Two different routes with very different outcomes
The following case study shows how an investor could use their various tax wrappers, and the allowances within, to invest a total of £936,000 over 45 years.
|Case Study Key Facts|
|Netwealth Risk Level||5|
|Contributions||£600 per month for 5 years|
|Income in Retirement||£4,000 (net) per month|
|Inflation Assumption||2% per annum|
|Timeframe||45 years (to age 95)|
|Pension Starting Value||
|GIA Starting Value||
|Annual ISA Funding from GIA||
The projection below shows a range of outcomes for Scenario A whereby the investor appropriately uses the various tax wrappers available and is also carefully drawing upon those tax wrappers in retirement to fund their income of £4,000 per month increasing in line with inflation.
The white dashed line shows the average projected outcome for Scenario A which is in the middle of the range of possible outcomes (the blue areas). As we can see in the average scenario, the portfolio is able to sustain the level of drawing required, beyond age 95.

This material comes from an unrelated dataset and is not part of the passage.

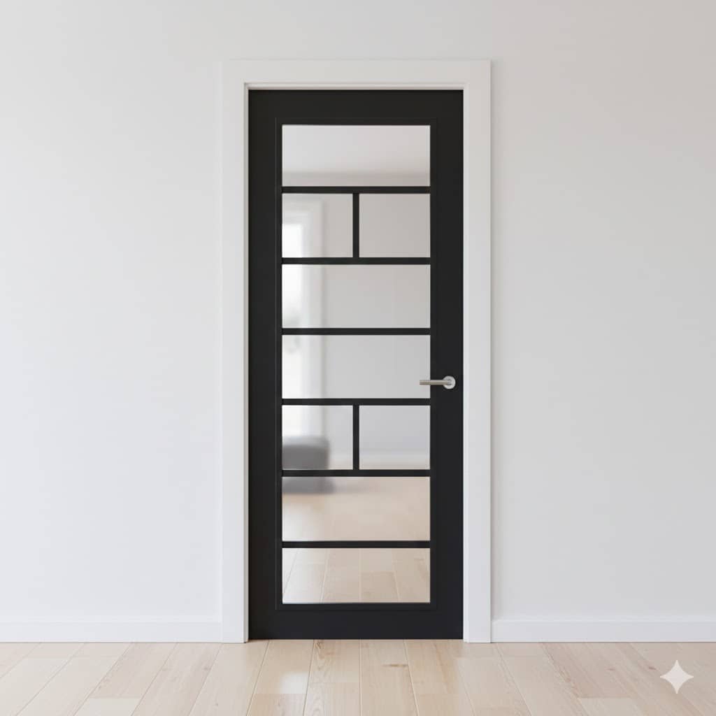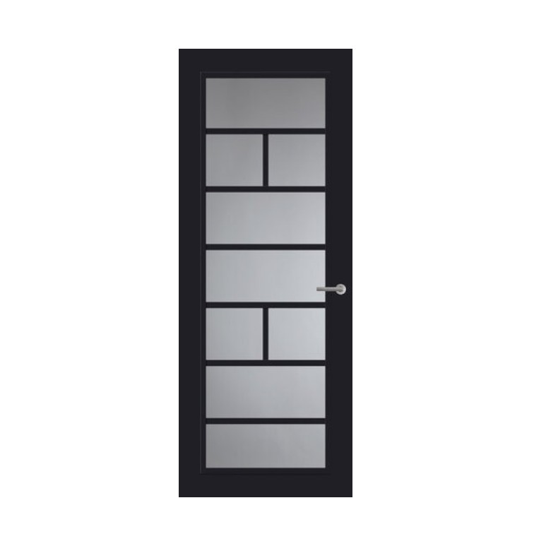 De Svedex FR505 zwart is een moderne glasdeur uit de Front collectie, uitgevoerd in diep zwart (RAL9005). De slanke glasverdeling geeft de deur een industriële en open uitstraling.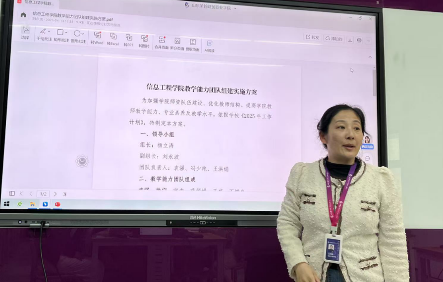 2025年4月18日,信息工程学院计算机文化基础教研室召开教学能力大赛启动会。本次会议由教研室主任王洪娟老师主持,全体教研室老师齐聚一堂,共同开启这场教学能力提升的征程。

Overlaid on the same projection, the red dashed line shows the average projected return for Scenario B. In Scenario B, the investor does not make any contributions to a pension or an ISA and instead solely contributes to their GIA. In this scenario the investor is projected to run out of money at age 90 in the average outcome.
Projected returns are illustrative and are not guaranteed.
In both cases, the gross investment return and sums invested are exactly the same, but simply by using tax wrappers appropriately the investor can benefit from at least five additional years of retirement income, which equates to £240,000 in today’s money, in this case.
In summary, although there are many factors to consider when investing that are out of your control, they should still be frequently assessed and taken into account so that action can be taken where necessary.
Making use of the appropriate tax wrappers (along with minimising fees, ensuring you stay invested and that you are well diversified) is very much within your control and can have a huge impact on your net returns over the long term. To focus on this is time well spent.
|Annual Allowance||Tax Advantages||Access|
|Pension||100% of salary up to a maximum of £40,000 (lower for those earning over £150,000 p.a.)||Money paid in net of income tax and investment returns are tax-free||From age 55, 25% tax-free and remainder taxed as income|
|ISA||£20,000||Investment returns are tax-free||Anytime tax-free|
|GIA||Unlimited||Capital Gains Tax Exemption of £11,700 per annum, Dividend Allowance of £2,000, and Savings (interest) Allowance of up to £1,000 p.a.||Anytime tax-free|
Please remember that when investing your capital is at risk.
1 If you are earning £120,000 per annum, this would be the cost. In other cases, the proportion of tax relief available would be less.
2 UK taxpayers can receive tax relief on pension contributions of up to 100% of their earnings or a £40,000 annual allowance, whichever is lower. Those with earnings over £150,000 have a reduced allowance.
3 FT article: “High earners caught out by clampdown on pensions tax relief” - 28 September 2018.
4 Non-taxpayers can still receive tax relief on pension contributions up to £3,600 (gross of tax relief).